Через несколько дней после этого чтения тетушка предложила нам всем после ужина прогулку в Михайловское. Пушкин очень обрадовался этому, и мы поехали. Погода была чудесная, лунная июньская ночь дышала прохладой и ароматом полей. Мы ехали в двух экипажах: тетушка с сыном в одном; сестра, Пушкин и я — в другом. Ни прежде, ни после я не видала его так добродушно веселым и любезным. Он шутил без острот и сарказмов; хвалил луну, не называл ее глупою[509], а говорил: «J’aime la lune quand elle éclaire un beau visage»[510]. Хвалил природу и говорил, что он торжествует, воображая в ту минуту, будто Александр Полторацкий остался на крыльце у Олениных, а он уехал со мною; это был намек на то, как он завидовал при нашей первой встрече Александру Полторацкому, когда тот уехал со мною. Приехавши в Михайловское, мы не вошли в дом, а пошли прямо в старый, запущенный сад,
с длинными аллеями старых дерев, корни которых, сплетясь, вились по дорожкам, что заставляло меня спотыкаться, а моего спутника вздрагивать.

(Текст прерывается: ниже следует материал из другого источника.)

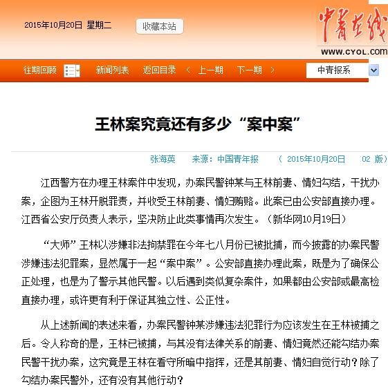 中国青年报2015年10月20日,王林案究竟还有多少“案中案”

Тетушка, приехавши туда вслед за нами, сказала: «Mon cher Pouchkine, faites les honneurs de votre jardin à Madame»[512]. Он быстро подал мне руку и побежал скоро, скоро, как ученик, неожиданно получивший позволение прогуляться. Подробностей разговора нашего не помню; он вспоминал нашу первую встречу у Олениных, выражался о ней увлекательно, восторженно и в конце разговора сказал: «Vous aviez un air si virginal; n’est-ce pas que vous aviez sur vous quelque chose comme une croix?»[513]
На другой день я должна была уехать в Ригу вместе с сестрою Анною Николаевной Вульф. Он пришел утром и на прощание принес мне экземпляр 2-й главы Онегина[514], в неразрезанных листках, между которых я нашла вчетверо сложенный почтовый лист бумаги со стихами:
Когда я сбиралась спрятать в шкатулку поэтический подарок, он долго на меня смотрел, потом судорожно выхватил и не хотел возвращать; насилу выпросила я их опять; что у него промелькнуло тогда в голове, не знаю. Стихи эти я сообщила тогда барону Дельвигу, который их поместил в своих «Северных Цветах», Мих. Ив. Глинка сделал на них прекрасную музыку и оставил их у себя[515].
Во время пребывания моего в Тригорском я пела Пушкину стихи Козлова:
Мы пели этот романс Козлова на голос «Benedetta sia la madre», баркаролы Венецианской. Пушкин с большим удовольствием слушал эту музыку и писал в это время Плетневу: «Скажи слепцу Козлову, что здесь есть одна прелесть, которая поет его Венецианскую ночь. Как жаль, что он ее не увидит! Дай бог ему ее слышать!»[516]
Итак, я переехала в Ригу. Тут гостили у меня сестра, приехавшая со мною, и тетушка со всем семейством. Пушкин писал из Михайловского к ним обеим; в одном из своих писем тетушке он очертил мой портрет так: «Хотите знать, что за женщина г-жа Керн? она податлива, все понимает; легко огорчается и утешается также легко; она робка в обращении и смела в поступках; но она чрезвычайно привлекательна»[517].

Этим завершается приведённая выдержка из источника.